If anyone thought that a sales tax increase would solve Sacramento's budget woes, the latest numbers establish that there's still much more work to do.
The new City Council has plenty of tough decisions ahead and its stiffest tests will come in the upcoming round of negotiations with labor unions.
The half-cent hike passed in November kicks in April 1, raising the total sales tax in Sacramento to 8.5 percent (including the statewide quarter-cent increase, also approved Nov. 6, that took effect on Jan. 1). The city will get about $5 million more before the current fiscal year ends June 30 and an estimated $27 million a year after that.
Even with that windfall, there's still a general fund deficit projected at $9.5 million for 2013-14 and around $14 million each of the next four budgets. Those figures outlined in a five-year financial forecast the council is set to receive Tuesday night are based on current contracts with city employee unions and on expected increases in pension costs.
The city can take a big step to closing that budget gap with less generous, yet still fair, labor contracts. It could save more than $6 million a year, for instance, if all employees pay into their pensions and if overtime pay is modified. Those should be key points in negotiations with seven unions whose deals are up in June, including politically influential ones such as the Sacramento Police Officers Association and Local 39.
This report on projected budget deficits follows a sobering look at the city's unfunded liabilities over the next 30 years. Of the nearly $2 billion total, nearly half is in retirement costs.
The most worrisome is $440 million for retiree health benefits, which must be another key point in the labor talks. Under agreements from 20 years ago another era as far as budgets go most city retirees get a $300 monthly subsidy for medical costs and Fire Department retirees get $750 a month.
The debt report was the first of its kind presented to the council, adding up all the various kinds of long-term liabilities facing the city. City Manager John Shirey told the council he wanted to inform, not to alarm, but it should be a warning nonetheless.
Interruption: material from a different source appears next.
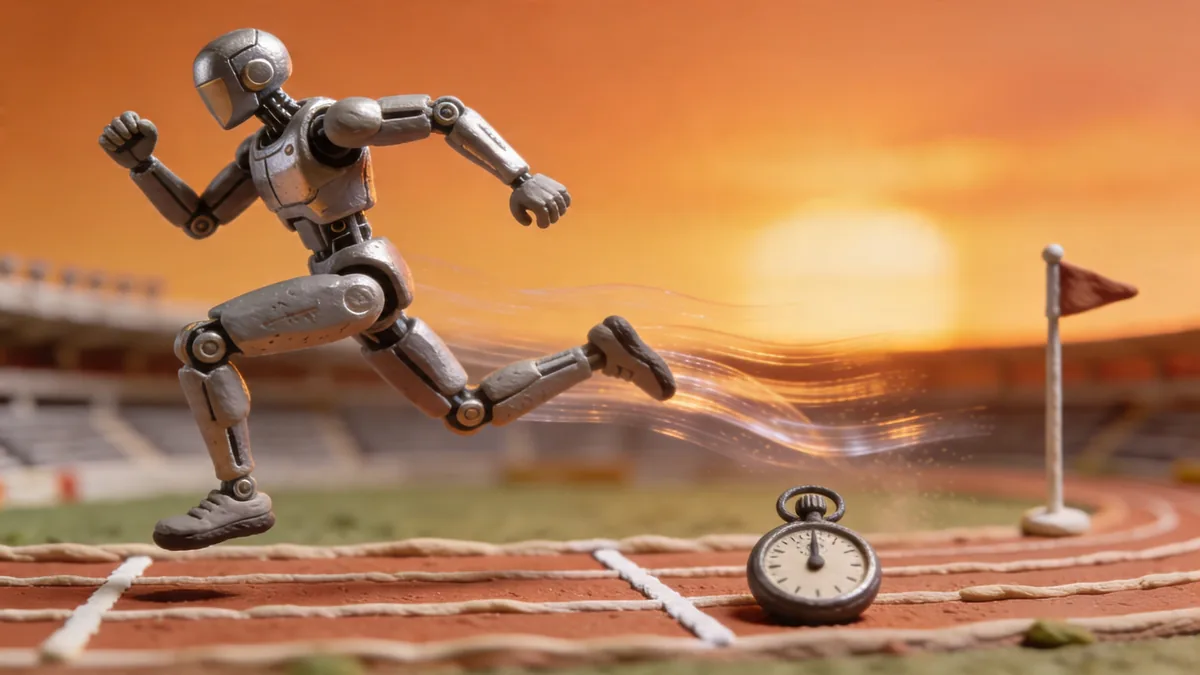 11 апреля 2026 года на профессиональной беговой дорожке гуманоид Unitree H1 прошёл отметку 10 м/с. Измеритель зафиксировал пиковую скорость 10.1 м/с — при том что компания осторожно отмечает возможную погрешность. Даже с поправкой это втрое быстрее предыдущего мирового рекорда, который принадлежал этому же роботу: 3.3 м/с, зафиксированные Guinness в марте 2024-го. Трусца превратилась в полноценный бег.
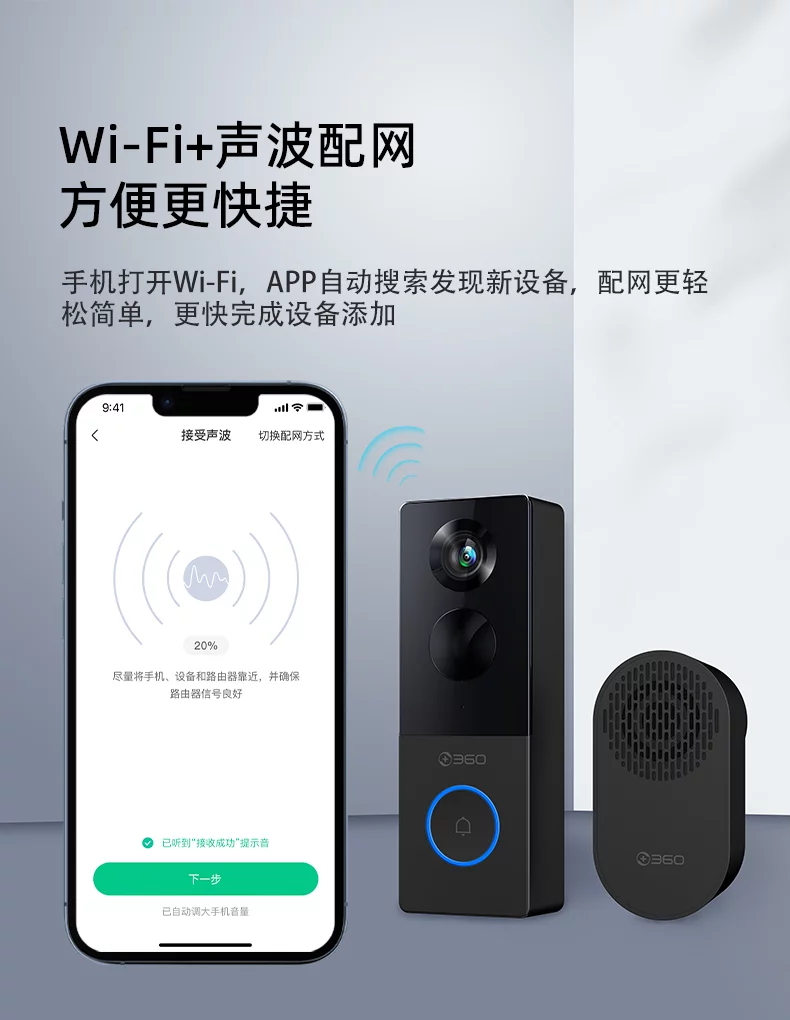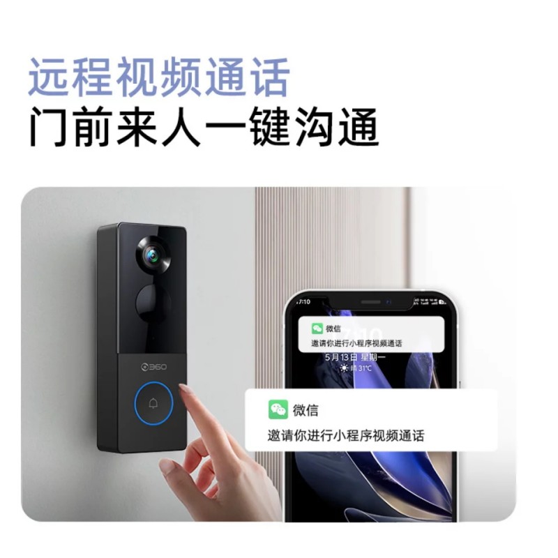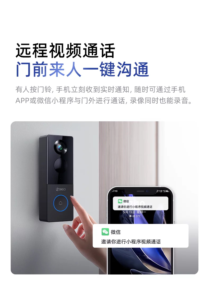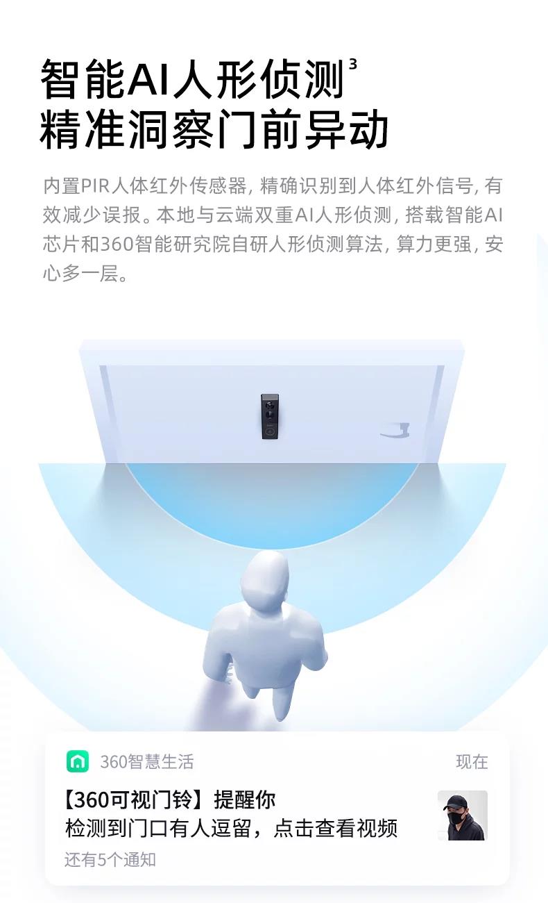 360可視門鈴6300W高清畫質(zhì)電子貓眼手機(jī)遠(yuǎn)程查看對(duì)講

While they weren't required to respond as they heard the debt report last week, it was disappointing that not a single council member said a word. No one tried to reassure taxpayers that they understand how serious the situation is and will deal with it responsibly.
One can only hope they have more to say on the deficit projections and on a set of principles for how to spend the sales tax money that council members are also to review Tuesday. The proposal generally follows what they promised voters focus on public safety and do not create new programs or increase employee compensation.
The sales tax, however, won't come close to restoring all $234 million in spending cuts over the last six years. Those reductions caused real pain. Police, parks and other basic services were slashed. More than 1,200 jobs were eliminated. If not for volunteers and community groups stepping up, the damage would have been worse.
With a little more money coming in, the city will be able to provide some relief. But the pressure remains on the council to hold the line on spending to reach financial stability.